To cut on costs he used his UK Mukuru account to send money which worked out cheaper than using a domestic account. 8 Pounds or around US$10 vs US$23 for the same amount. So there are a couple of things we need to make clear on. Domestic remittance taxes that are unique to Zimbabwe (4% IMTT), remittance charges of the operator, and the government of Zimbabwe encouraging inflows of forex via remittances.

2/6 B) Sending US$1500 from UK to Zimbabwe (Chipinge) you are charged only £8 ( approx US$10). PLEASE NOTE: it’s same company charging different transfer charges to send money to the same destination, depending on where you send from.Alistar Nyamarai Chibanda’s Twitter thread

4% IMTT Tax. A Zimbabwean Tax

Mukuru has its operations in a number of regions. It’s an international money transfer business and each region, it operates in has guidelines it’s supposed to comply with.
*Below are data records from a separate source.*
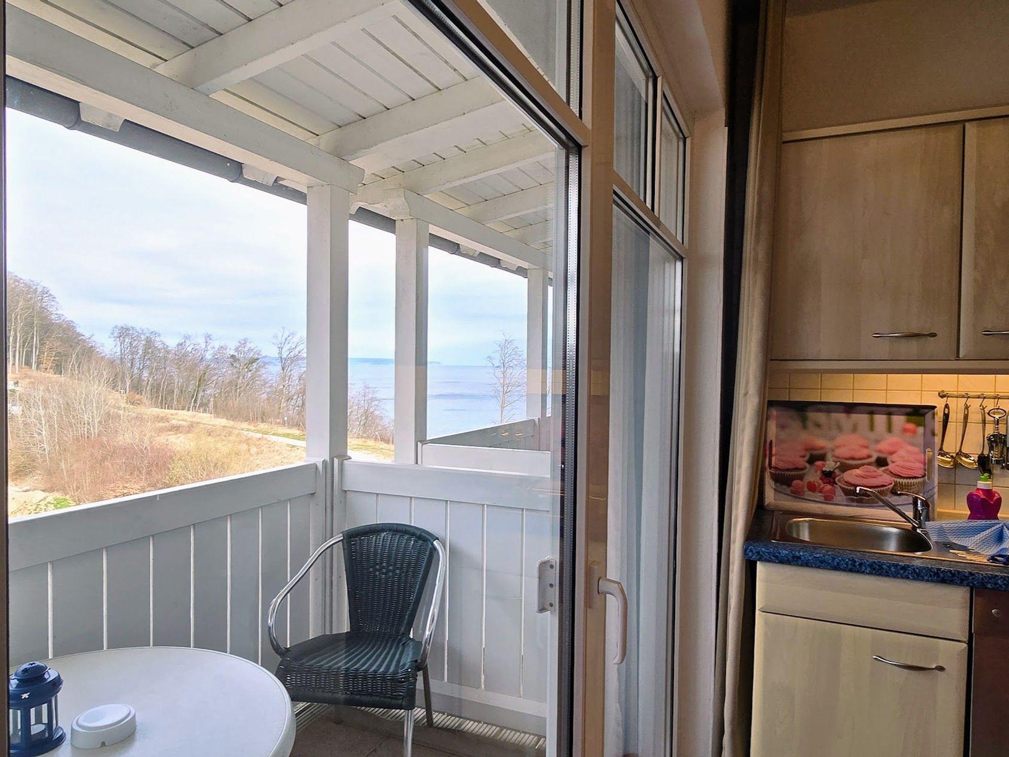 Vom Balkon haben sie einen seitlichen Ostseeblick auf die Kreidefelsen.
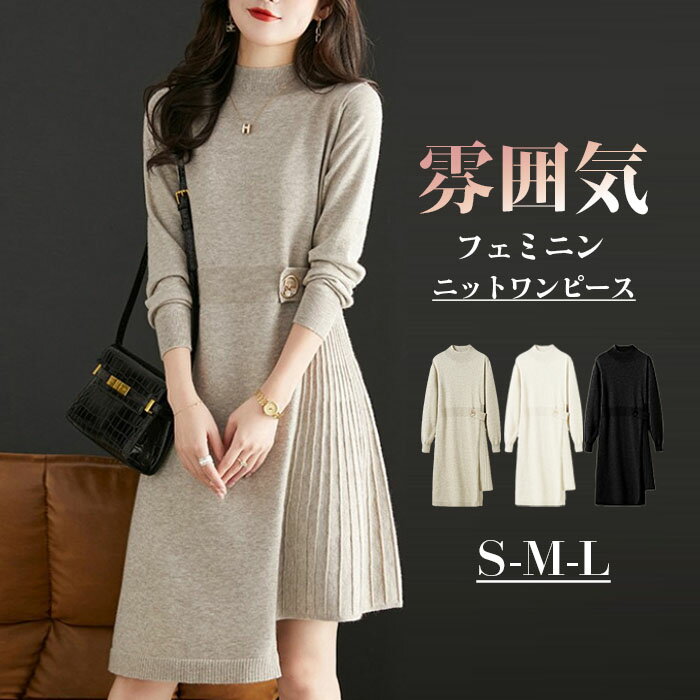 ニットワンピース ギャザー プリーツ Aライン ワンピース レディース リブ ニットワンピ 膝丈 ミディアム丈 きれいめ 上品 大人 ブラック 秋冬 ハイネック 長袖 きれいめ ハイウエスト 体型カバー 柔らか 暖かめ フェミニン雰囲気 大人可愛い
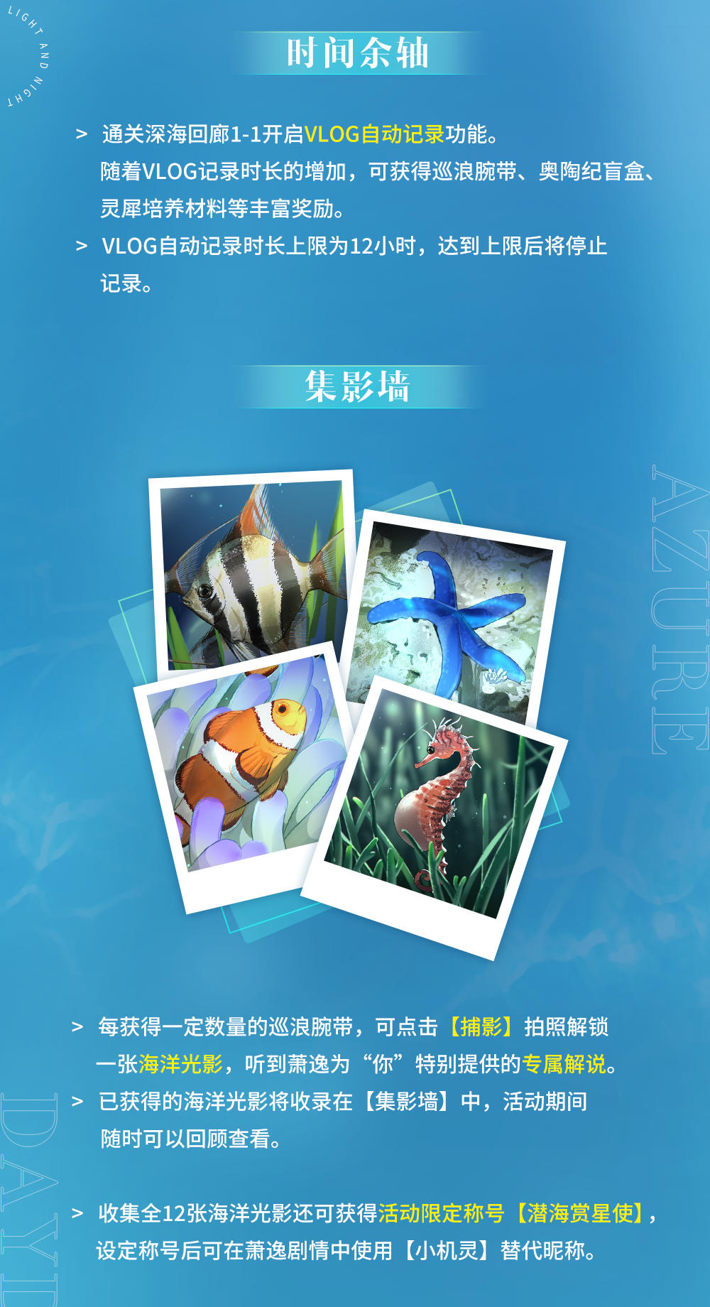 通关深海回廊1-1开启Vlog自动记录功能,随着Vlog记录时长的增加,可获得巡浪腕带、奥陶纪盲盒、灵犀培养材料等丰富奖励。
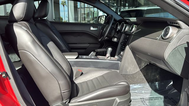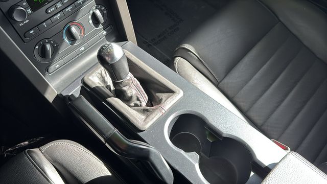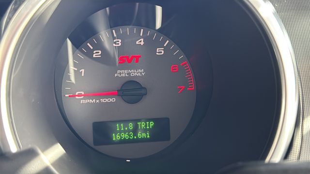 This Ford Mustang is equipped with 5.4L V8 DOHC Supercharged, 18" x 9.5" Bright Machined Aluminum Wheels, 4-Wheel Disc Brakes, 8 Speakers, ABS brakes, Air Conditioning, Alloy wheels, AM/FM radio, Bumpers: body-color, CD player, Driver door bin, Driver vanity mirror, Dual front impact airbags, Dual front side impact airbags, Front anti-roll bar, Front Bucket Seats, Front Center Armrest, Front fog lights, Front reading lights, Front wheel independent suspension, Illuminated entry, Leather Shift Knob, Leather Sport Bucket Seats, Low tire pressure warning, Occupant sensing airbag, Panic alarm, Passenger door bin, Passenger vanity mirror, Power door mirrors, Power driver seat, Power steering, Power windows, Premium audio system: Shaker 500, Radio data system, Rear anti-roll bar, Rear window defroster, Remote keyless entry, Security system, Shaker 500 AM/FM Stereo w/CDx6/MP3, Speed control, Split folding rear seat, Spoiler, Tachometer, Tilt steering wheel, Traction control, Trip computer, and Variably intermittent wipers. Recent Arrival!
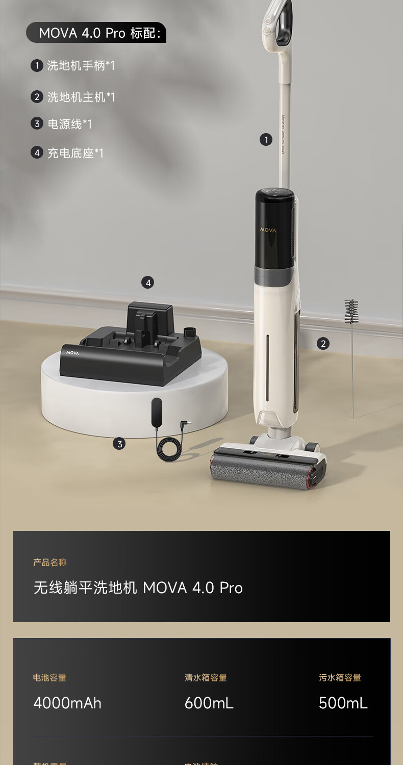 商品名称:追觅 洗地机魔净大吸力0缠毛0水渍180°躺平洗地机吸拖洗地一体 MOVA4.0Pro
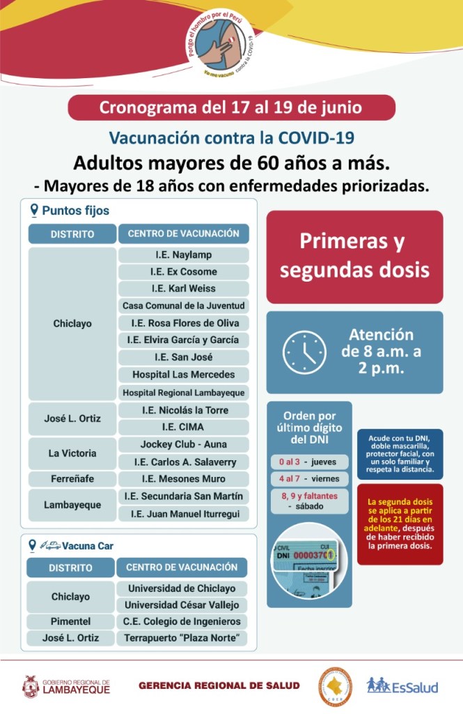 Se retoma la vacunación contra la COVID-19 para adultos mayores de 60 años a más, del jueves 17 al sábado 19 de junio, informó esta noche la Gerencia Regional de Salud de Lambayeque. Aquí los centros de vacunación:
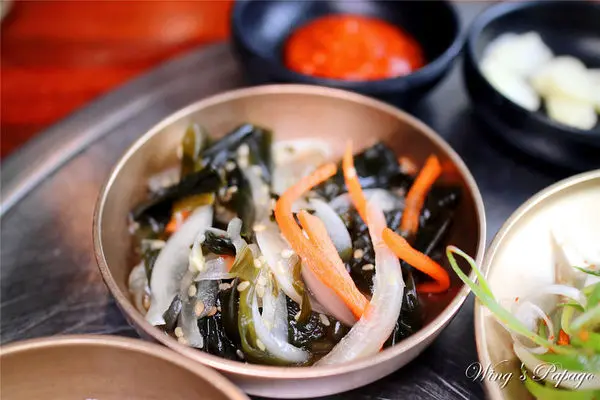 海帶芽搭配紅蘿蔔及洋蔥絲再灑上芝麻提味,酸香脆嫩,清爽順口。
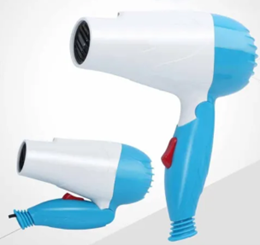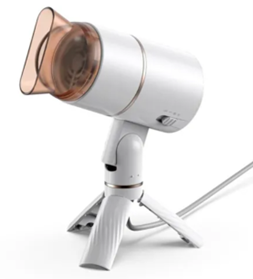 This warning includes three hair dryer models. The Blue Light Anion Electric hair dryer is black or purple. The label on the Blue Light Anion Electric dryer reads “FOCUSUN F7 2300W 220-240V 50HZ.” The High-power Household Mini Folding hair dryer comes in a blue and white color combination with a red switch. The Hands-free Hair Dryer with Tripod Stand is white with an orange transparent nozzle. The mini folding hair dryer and the hand-free hair dryers have no identifying markings or labels.
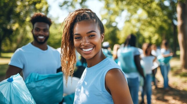Volunteers engaged in a community clean-up event, an image that underscores the importance of collective environmental efforts, ideal for showcasing Earth Day initiatives and community involvement.
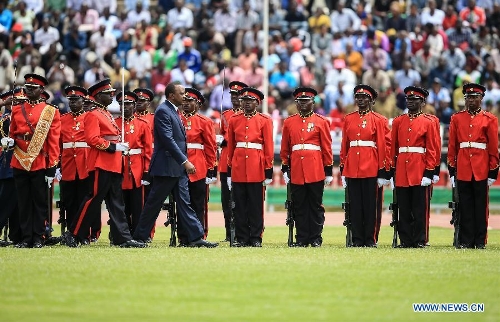 Kenyan President Uhuru Kenyatta inspects guards of honor during the 51th Jamhuri Day (Independence Day) celebration at the Nyayo National Stadium in Nairobi, capital of Kenya, Dec. 12, 2014. Kenya got its independence from British rule in 1963. (Xinhua/Meng Chenguang)
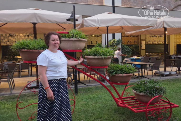 Отдыхали в данном отеле с 27.07.2025 по 06.08.2025, две семьи: мы с мужем и сын 9 лет, дочь с мужем. Бронировали два одинаковых номера Garden Room, находились в двухэтажных бунгало, далеко от ресторана и ресепшена, зато тишина ночью отличная. Перелет Турецкие авиалинии, повезло, без задержек и потери багажа, индивидуальный трансфер и через 40-50 минут мы были на месте. Отзывы читаем всегда заранее и конечно были готовы, что ресепшен представляет из себя шатер без кондиционеров, есть вентиляторы, но они просто гоняют горячий воздух, есть холодильник с водой, есть лимонадницы со льдом, стоит приветственное шампанское, но наливать нужно самим. Поэтому стиснув зубы заполнили карточки, попросили по возможности номера рядом и где потише. Приехали мы уже к ужину, кроме нас никого на заселение не было, прошло все быстро. Пожелания наши учли, отвезли на машине, занесли все чемоданы на второй этаж.
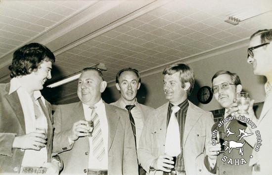 This photograph shows a group of security policemen socialising at the clubhouse after a day's work at John Vorster Square, date unknown. This photograph is included in "Between Life and Death: Stories from John Vorster Square" - a DVD produced as part of this project.
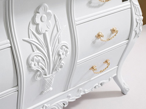 MFG-24實(shí)木仿古柜,采用泰國進(jìn)口橡木,配以水晶木紋白天然大理石臺(tái)面,以及圓弧形立體大理石臺(tái)下盆。純白色彩配以金色五金拉手,整體外觀凸現(xiàn)新一代田園風(fēng)格,產(chǎn)品游走于現(xiàn)代與復(fù)古之間,線條簡(jiǎn)約而不簡(jiǎn)單,品味低調(diào)而不失奢華。

In Zimbabwe, one such guideline is a 4% IMTT tax placed on all domestic foreign currency money transfer services. This means before money transfer agencies take away a single dime, 4% of the amount you are sending goes to the Zimbabwean government. InnBucks charges are 5% with 80% of that going to the government.

This affects all money transfer agents locally. So in his example, US$18 of the US$23 in transfer charges is just the 4% IMTT with Mukuru taking home (roughly 1%) US$5. Which is actually less than the £8 he is being charged when using his UK Mukuru account. Again these percentages vary especially if the sending currency is different from the receiving currency or if the origin of the transaction is a different country from the destination. You can see for yourself in this Mukuru WhatsApp bot.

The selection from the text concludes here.